高校球児の息子を持つ親として、最近、「何のために野球するのか?」、「野球をすることが幸せなのか?」という漠然とした素朴な疑問に頭を巡らせることが多い。本人の意志さえあれば小中高までは野球はできても、その後、大学で野球できるには、相当のエリートでなければそこで引退、更に野球でメシを食っていくプロともなれば、エリート中のエリート。またそのエリート中のエリートにでも、結果が出なければ数年でクビ。野球に限らないことであるが、学生時代に取り組んだスポーツは、趣味として、社会人となった後も継続できるとしても、その範囲で終わるのが極端な言い方すれば、10000人中9999人である。
家業を継ぐ子もいるだろうが、たいていの子供は、高校、大学を経て、会社などの組織に属し、仕事をすることになる。人物本位で採用する傾向が出てきているものの、学歴社会である日本においては、有名大学に出ていなければ、そもそも採用対象の候補にも挙がらない。つまり、学業ができたほうが少なくとも選択肢が広がることは紛れもない事実である。(もちろんそれが必ず幸せにつながるとは限らないことは言うまでもない)

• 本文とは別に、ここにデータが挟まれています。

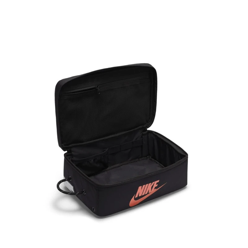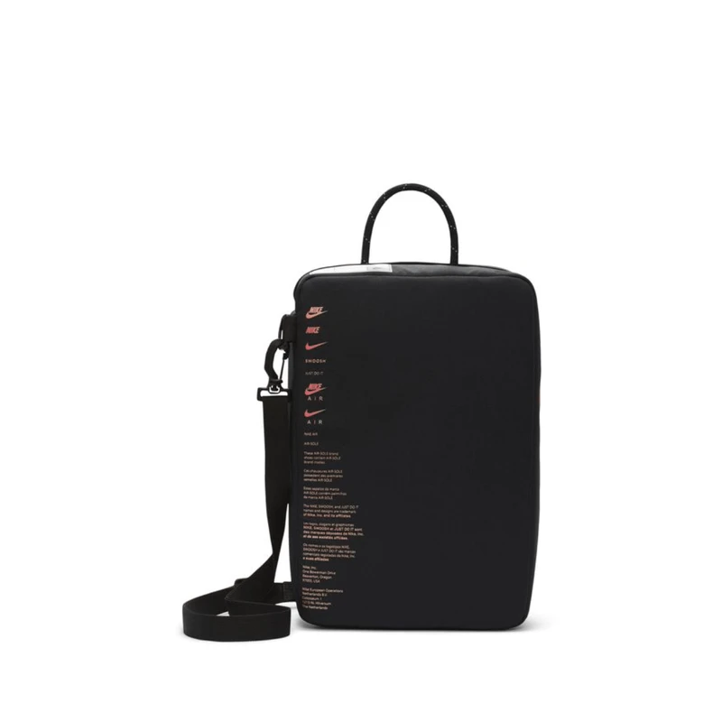 Store and carry your shoes in style with the Nike Shoe Box Bag. Made with durable materials, the main body features 2 large Nike logos, a removable crossbody strap and a true shoebox flap opening. On the inside, an internal elastic pocket and zippered mesh pocket help keep extra laces and other small items stored and organized.

本来、スポーツをすることによって学業がおろそかになってはいけないが、理屈はそうでも、物理的に練習に大半の時間が割かれ、結果おろそかになってしまうことが多い(もちろん、意識が高い子などそうならない子もいるが)。そうなることはあらかじめ予想できることであり、それを分かっていても野球を続ける選択をするのは、それに代えられない、得るものがあるからだと信じている。
そう考えると、目的意識もなく練習を適当にやって試合をこなす、これは本当に時間の無駄である。「本気」になって野球に取り組み、それを通じて、学業では得られないものを学び、人間性を磨くことであろう。そして団体スポーツである以上、チーム全体として「本気」の雰囲気を醸成することが必要不可欠である。そうすれば必ず結果も伴ってくるはずである。